# About to take the Plunge



## CycloneGoat (Apr 16, 2007)

Small intro first...

23 here just out of college and into the real world and got me an 04 GTO with some goodies already on it. Have a history driving a 91 vette with street mods and our saturday morning driveway is packed with 71 and 00 SS Camaros, 99 Trans am, 71 pantera, Grand National, 2 96 vettes, and now a 72 Cuda...so I'm tired of not having fun with a practical Explorer...so I put an end to it with this new toy.

Getting my 04 M6 GTO here on monday for a killer deal and am looking to spend $750 or so from my tax refund on a mod or two. I've done some peeking around and am interested in what people have to say about The Flowmaster American Thunder and Magnaflow Exhaust systems. My brother and law has an 00 SS with Magnaflow and swears by it for LS1 engines...and have heard less than impressive things about Flowmasters on LS1 engines.
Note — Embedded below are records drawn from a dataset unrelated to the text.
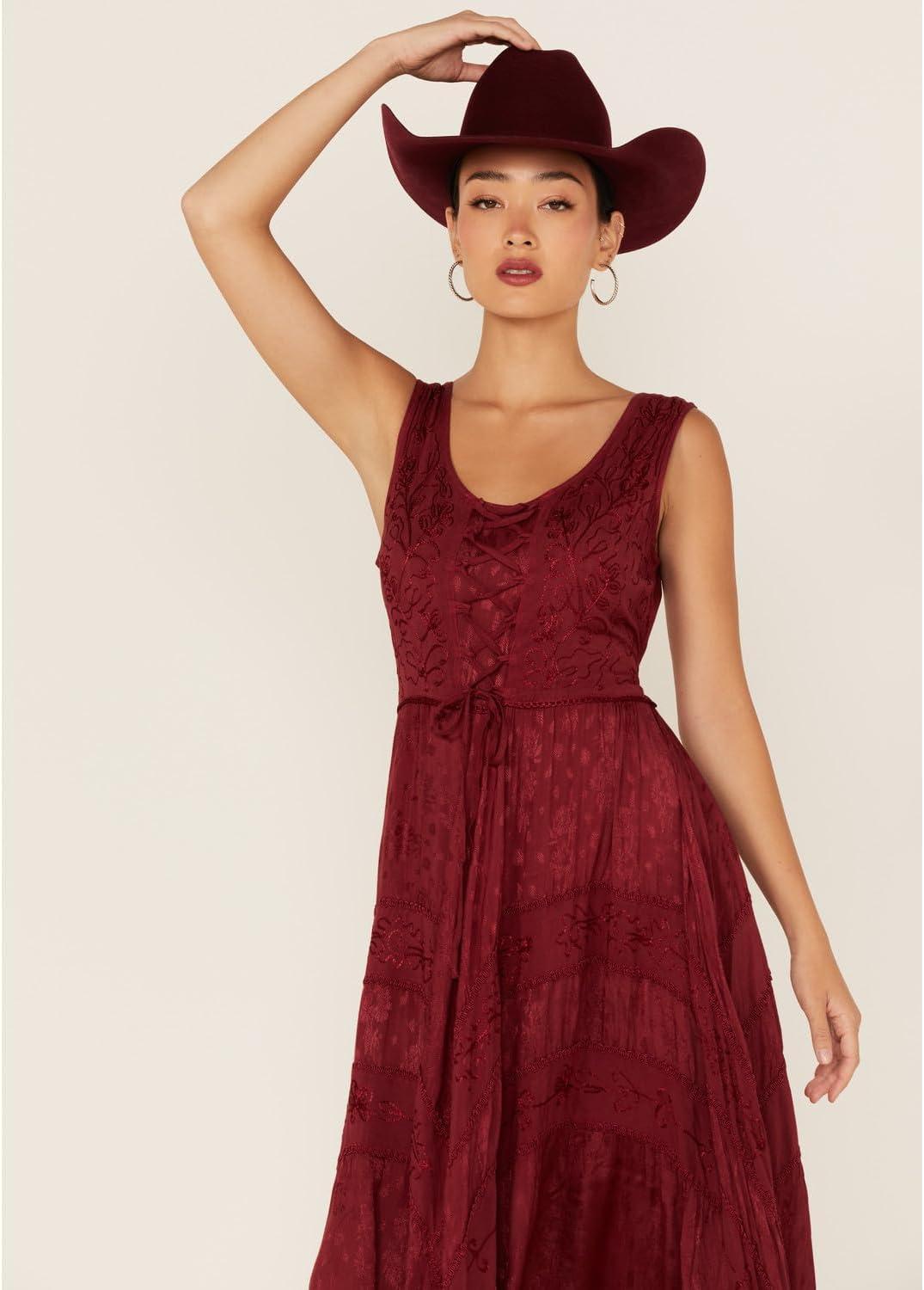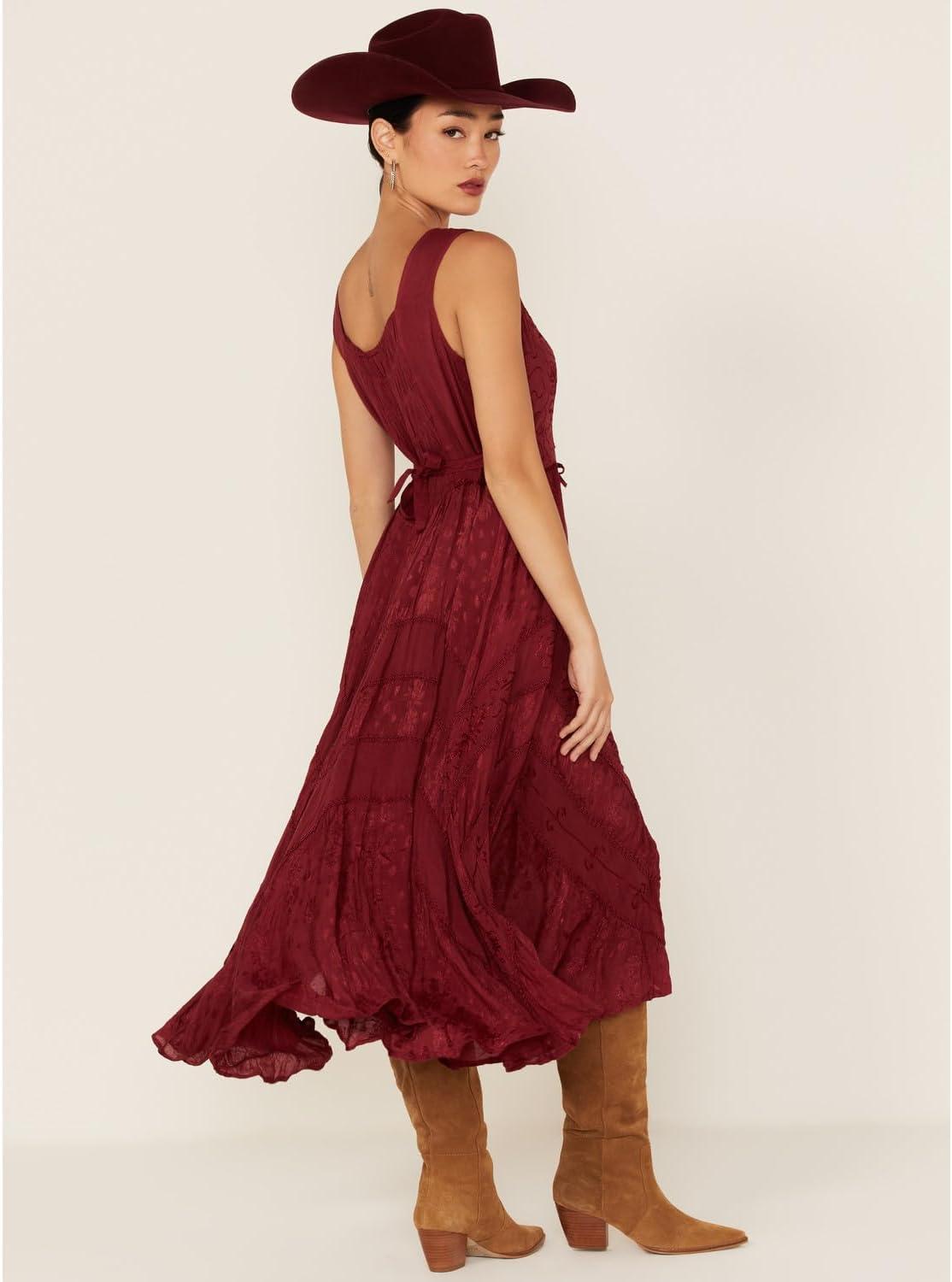 This full-length sleeveless dress promptly caught our attention with its unique lace-up front detail, which adds a dash of vintage elegance to the overall modern silhouette. The scrolling fabric design flows gently across the tiers of the skirt panels, creating a textured yet delicate appearance that’s both eye-catching and versatile. Crafted from 100% rayon, the fabric feels lightweight and breathable, perfect for warm weather or layered during cooler seasons. The dress’s construction offers a flattering fit, while the hand-wash recommendation highlights the need for gentle care to maintain its quality.
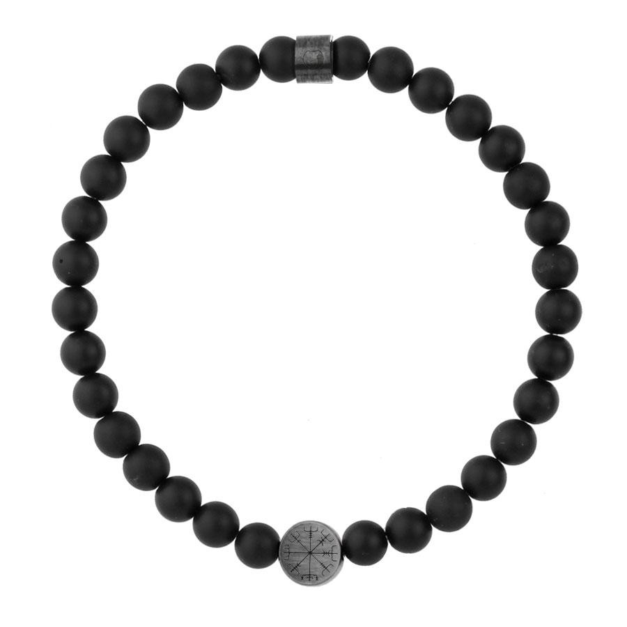 Kolejną ciekawą propozycją męskiej biżuterii jest nordycka bransoletka Wikingów z runami ochronnymi. To model, który prezentuje się niezwykle atrakcyjnie i prestiżowo na każdym, męskim nadgarstku. Do produkcji bransoletki użyte zostały matowe kamienie turmalinu w intensywnie czarnym kolorze. To kamień, który znany jest ze swoich niezwykle silnych właściwości ochronnych. Co ważne, dawniej wierzono, że turmalin posiada zdolności pochłaniania złej, negatywnej energii. Dzięki temu, noszenie takiej bransoletki nie tylko znacząco podnosi walory estetyczne tworzonych stylizacji, ale także pomaga w utrzymaniu dobrego nastroju. Bransoletka nawleczona jest na wytrzymałą, jubilerską gumkę, która zapewnia komfort noszenia i trwałość, nawet pomimo intensywnej eksploatacji. Model dzięki gumce dopasuję się do każdego, męskiego nadgarstka, jednocześnie nie ograniczając ruchów. To sprawia, że może być to również wymarzony prezent dla każdego mężczyzny na wiele okazji.
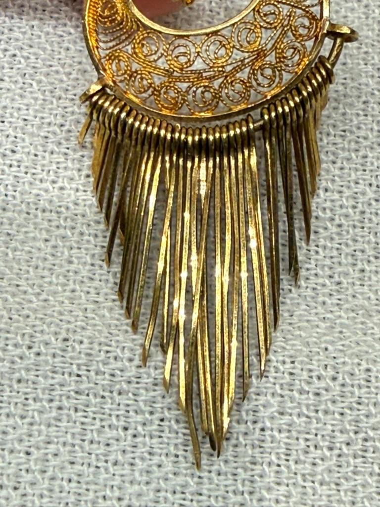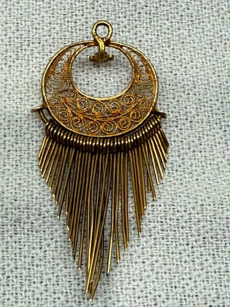 Antique gold fillagree fringed necklace pendant/or dangle part of an earring. Found in an old jewelry box with no other info. It appears to be in overall good condition with slight bends in metal. Please make sure to look at pics closely!
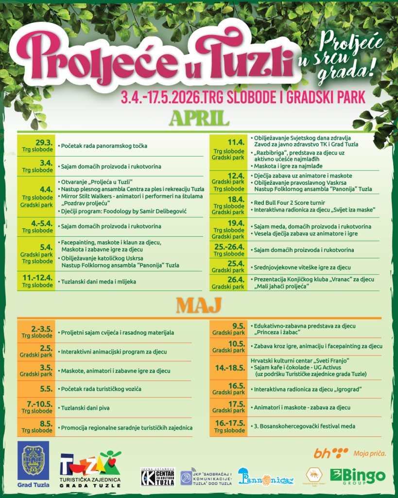 Manifestacija „Proljeće u Tuzli“ nastavlja se tokom aprila i maja 2026. godine, uz niz kulturnih, zabavnih i edukativnih sadržaja.

Looking for more input...The 71 Camaro we have has a custom Flowmaster setup that sounds incredibly good...but that's a whole 'nother ballpark...

The GTO already has 243 LS6 heads, LS6 intake, LS6 cam, JBA shortys, and a LPE CAI. So I'm looking to complete the air flow at the rear. Not willing to go LT's as I need to remain CA smog legal..but want to do Cat Back...

Thoughts from you Cali guys?


----------



## vanceti (Mar 19, 2007)

I have Magnaflow on my 05 M6 I know the LS2 is a bit different from the LS1 but i would go with Magnaflow


----------



## rtviper (Jan 31, 2007)

*Exhaust*

I have the Magnaflow.
However, I am going to being putting on Kooks LT
soon


----------